The late 18th century saw Pierre-Henri de Valenciennes creating a new destiny for landscape paintings in France; he worked hard to convince the Royal Academy to see the landscape painting as worthy of a history painting.
There was a transition observed from moving to idealized, classical paintings to painting out of doors directly from nature, known as Plein air painting, which led to the development of Impressionism. Even Turner’s later works are highly impressionistic as they play with colour and light. Claude Monet radically pushed the envelope, re-defining and re-presenting landscape painting, leading the way for the next generation of painters, the Impressionists, who would completely shatter conventions of realism and naturalism through their work. The Impressionists, which included Claude Monet, Camille Pissarro, Auguste Renoir, and Alfred Sisley mostly worked out of doors, producing iconic landscapes wrought in their characteristic style.
The 19th century also witnessed the emergence of landscape photography, which greatly impacted the painters’ compositional perspectives; they shifted away from realistic, faithful interpretations of the landscape and instead imbued the works with their interpretations.
Landscape paintings were also extremely popular with the artists of the post-impressionism era. Some of the compositions include Whistler’s Nocturne in Blue and Silver: Chelsea, Paul Cezanne’s Lac d’Annecy, Van Gogh’s Wheatfield with Crows, and Seurat’s Bathers at Asnieres.
In the 20th century, the landscape paintings continued to hold sway although it appeared in various avatars such as urban landscapes, cultural landscapes, industrial landscapes, and landscape architecture. Twentieth art century movements which incorporated landscapes included Photorealism and Precisionism focused on urban landscapes with industrial buildings. Precisionism inspired by Futurism and Cubism was rooted in the machine age. Human figures rarely appear in these works commenting on the dehumanization and conflict in the industrialized metropolis or the barren countryside. Precisionist painters include Charles Sheeler, Charles Demuth and Georgia O’Keefe. A few Fauvist and Cubist artists too dabbled in landscape paintings but this experimentation ended soon. Artists like Maurice de Vlaminck, Andre Derain, and Albert Marquet are some of these fauvists.

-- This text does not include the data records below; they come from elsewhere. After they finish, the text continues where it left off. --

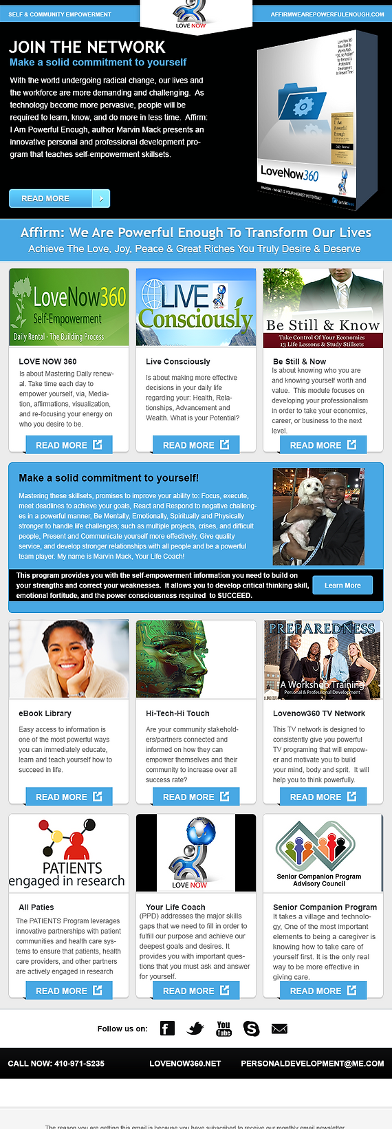 Our greatest hope is that we can work together towards Empowering Self, Community & World and being an example for the rest of the world. LoveNow360 Community Engagement and Empowerment Outreach Agenda Module is designed to address some of the major root challenges our community now face: Health Disparities, Poverty, Drug Addiction, Obesity, Depression, Mental Illness, Hypertension, Diabetes, Crime, Violence and more.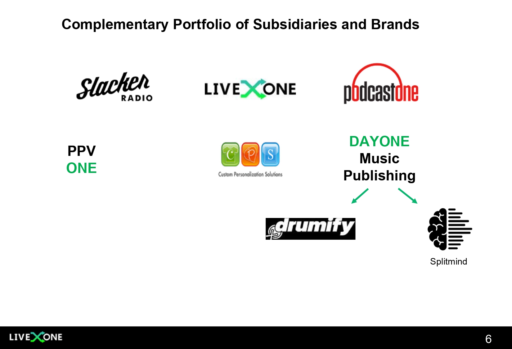 Complementary Portfolio of Subsidiaries and Brands PPV ONE DAYONE Music Publishing Splitmind 6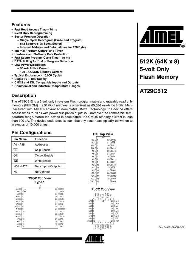 Pamięć FLASH 29C512 PLCC32 (zam. 29F512) 120ns, –40°C do +85°C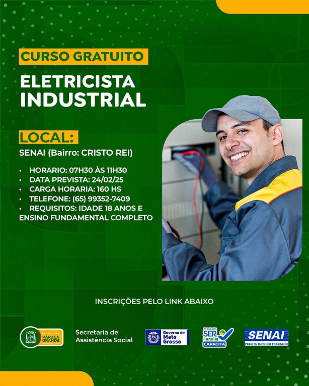 A prefeitura de Várzea Grande está ofertando cinco cursos gratuitos de qualificação profissional para a população. As oportunidades abrangem diferentes áreas e são voltadas para jovens e adultos que buscam capacitação para o mercado de trabalho. A oportunidade é fruto de uma parceria da secretaria de Assistência Social com o governo do Estado, através do programa SER Família Capacita, e com o Serviço Nacional de Aprendizagem Industrial (Senai).

Landscape painting like all genres of art became completely chaotic and disjointed after the Second World War as new movements like Minimalism, Pop-Art, Kitsch and Neo-Dada changed and came to define the aesthetics of a world in complete chaos and economic and psychological depression. Artists like David Hockney painted scenes from his car.
David Hockney, Landscape
To comment on the state of landscape painting in the 21st century is difficult but it is interesting to wonder what more can the artists innovate in a genre, how else they can change the mode of representation, and influence the aesthetics of an era. If Charles Fazzino’s fun, colourful, apolitical aesthetics will define the genre we are yet to find out. What do you think?